AlAhli Takaful Company (ATC) has entered into a 12-month exclusivity period with Arabian Shield Cooperative Insurance Company to commence reciprocal due diligence as well as negotiation on the final terms of the two combining operations under the ambit of the Arabian Shield Cooperative Insurance Company. The two insurers have reached an initial agreement that the basis of the valuation would be the adjusted equity book value in addition to the embedded value of the protection and savings portfolio of ATC.
Should the merger go ahead, shareholders of ATC will receive newly issued shares of Arabian Shield. ATC, which has engaged Falcom Financial Services Company as the financial advisor for the deal, in a bourse filing announced that the merger is expected to absorb all its employees and should not result in any involuntary redundancies.
This negotiation comes on the heels of three mergers over the last 12 months, the most recent being between AlJazira Takaful Taawuni and Solidarity Saudi Takaful; preceded by the amalgamation of Walaa Cooperative Insurance Company with MetLife, American International Group and the Arab National Bank for Cooperative Insurance; and the merger of Gulf Union Cooperative Insurance Company with Al-Ahlia Cooperative Insurance Company.
Such vibrant merger and acquisition (M&A) activities within the Saudi insurance sector is thanks to a large part to efforts by the Saudi Central Bank (SAMA) to bolster its competitive insurance market which is highly concentrated in the hands of a few despite being serviced by 30 licensed insurance operators.
Fitch Ratings calculations show that 66% of the insurance market share is held by the Kingdom’s four-largest operators: Bupa Arabia, Tawuniya, MEDGULF and Al Rajhi Takaful.
To raise operational efficiency and enhance the financial strength of the smaller players, SAMA called on insurers to opt for M&A, and in fact, required insurers to review and restructure their businesses. It put in place stricter rules on minimum capital reserve to improve both qualitative and quantitative aspects of the sector regulations; the new solvency rules are expected to drive smaller insurance companies to merge. SAMA also suspended insurance operators from issuing new insurance contracts until the capital and solvency criteria are met.

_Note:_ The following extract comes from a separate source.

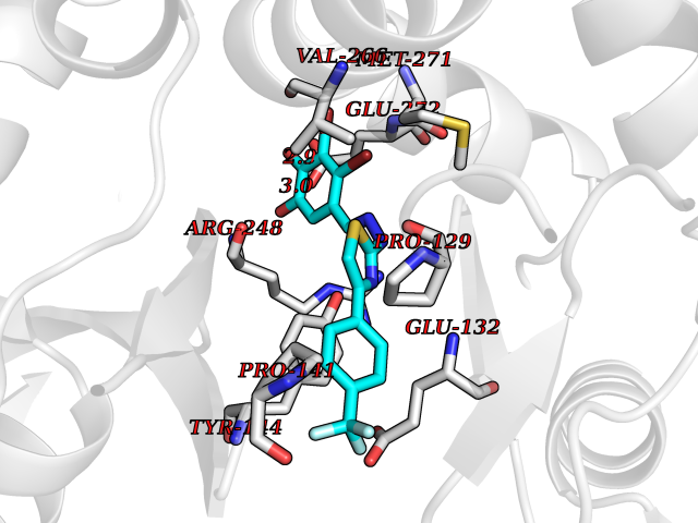 Target general information Gen name IDH1 Organism Homo sapiens (Human) Uniprot ID TTD ID Synonyms PICD (mutated); Oxalosuccinate decarboxylase (mutated); NADP(+)-specific ICDH (mutated); Isocitrate dehydrogenase [NADP] cytoplasmic (mutated); IDP (mutated); IDH (mutated); Cytosolic NADP-isocitrate Protein family Isocitrate and isopropylmalate dehydrogenases family Biochemical class Short-chain dehydrogenases reductase Function Catalyses the NADPH-dependent reduction of alpha-ketoglutarate to R(-)-2-hydroxyglutarate (2HG). Related diseases Glioma (GLM) [MIM:137800]: Gliomas are benign or malignant central nervous system neoplasms derived from glial cells. They comprise astrocytomas and glioblastoma multiforme that are derived from astrocytes, oligodendrogliomas derived from oligodendrocytes and ependymomas derived from ependymocytes. {ECO:0000269|PubMed:19117336, ECO:0000269|PubMed:19935646}. The gene represented in this entry is involved in disease pathogenesis. Mutations affecting Arg-132 are tissue-specific, and suggest that this residue plays a unique role in the development of high-grade gliomas. Mutations of Arg-132 to Cys, His, Leu or Ser abolish magnesium binding and abolish the conversion of isocitrate to alpha-ketoglutarate. Instead, alpha-ketoglutarate is converted to R(-)-2-hydroxyglutarate. Elevated levels of R(-)-2-hydroxyglutarate are correlated with an elevated risk of malignant brain tumors. {ECO:0000269|PubMed:19935646}.; DISEASE: Genetic variations are associated with cartilaginous tumors such as enchondroma or chondrosarcoma. Mutations of Arg-132 to Cys, Gly or His abolish the conversion of isocitrate to alpha-ketoglutarate. Instead, alpha-ketoglutarate is converted to R(-)-2-hydroxyglutarate. {ECO:0000269|PubMed:26161668}. Drugs (DrugBank ID) DB09374; DB01727; DB14568; DB03461; DB16267 Interacts with P0DP23; P27797; P36957; O75874; Q8TDX7; P16284; P17612; P50454; P37173; Q05086-3 EC number EC 1.1.1.42 Uniprot keywords 3D-structure; Acetylation; Cytoplasm; Direct protein sequencing; Glyoxylate bypass; Magnesium; Manganese; Metal-binding; NADP; Oxidoreductase; Peroxisome; Phosphoprotein; Proteomics identification; Reference proteome; Tricarboxylic acid cycle Protein physicochemical properties Chain ID A,B Molecular weight (Da) 92711.7 Length 823 Aromaticity 0.1 Instability index 26.74 Isoelectric point 6.42 Charge (pH=7) -4.48 3D Binding mode Sequence KKISGGSVVEMQGDEMTRIIWELIKEKLIFPYVELDLHSYDLGIENRDATNDQVTKDAAEAIKKHNVGVKCATITPDEKRVEEFKLKQMWKSPNGTIRNILGGTVFREAIICKNIPRLVSGWVKPIIIGHHAYGDQYRATDFVVPGPGKVEITYTPSDGTQKVTYLVHNFEEGGGVAMGMYNQDKSIEDFAHSSFQMALSKGWPLYLSTKNTILKKYDGRFKDIFQEIYDKQYKSQFEAQKIWYEHRLIDDMVAQAMKSEGGFIWACKNYDGDVQSDSVAQGYGSLGMMTSVLVCPDGKTVEAEAAHGTVTRHYRMYQKGQETSTNPIASIFAWTRGLAHRAKLDNNKELAFFANALEEVSIETIEAGFMTKDLAACIKGLPNVQRSDYLNTFEFMDKLGENLKIKLAQAKLKKISGGSVVEMQGDEMTRIIWELIKEKLIFPYVELDLHSYDLGIENRDATNDQVTKDAAEAIKKHNVGVKCATITPDEKRVEEFKLKQMWKSPNGTIRNILGGTVFREAIICKNIPRLVSGWVKPIIIGHHAYGDQYRATDFVVPGPGKVEITYTPSDGTQKVTYLVHNFEEGGGVAMGMYNQDKSIEDFAHSSFQMALSKGWPLYLSTKNTILKKYDGRFKDIFQEIYDKQYKSQFEAQKIWYEHRLIDDMVAQAMKSEGGFIWACKNYDGDVQSDSVAQGYGSLGMMTSVLVCPDGKTVEAEAAHGTVTRHYRMYQKGQETSTNPIASIFAWTRGLAHRAKLDNNKELAFFANALEEVSIETIEAGFMTKDLAACIKGLPNVQRSDYLNTFEFMDKLGENLKIKLAQAK Hydrogen bonds contact Hydrophobic contact | ||||

Earlier this week, SAMA Governor Dr Fahd Abdullah Al-Mubarak, at an event recognizing the merger of AlJazira Takaful Taawuni and Solidarity Saudi Takaful, once again made a clarion call for insurers to merge and acquire in order to achieve Saudi’s Vision 2030. The national framework outlined measures, including M&As, to promote the growth, stability and sustainability of the insurance sector. The Saudi government, through the Financial Sector Development Program, aims to raise the contribution of its Shariah compliant cooperative insurance sector to the nation’s GDP.
Total gross written premiums in Saudi contracted by 0.4% year-on-year in the third quarter of 2020 to SAR8.8 billion (US$2.34 billion), according to latest statistics by SAMA. Post-Zakat income generated by Saudi insurance companies grew 1.9% over the same period to stand at SAR294.9 billion (US$78.53 billion).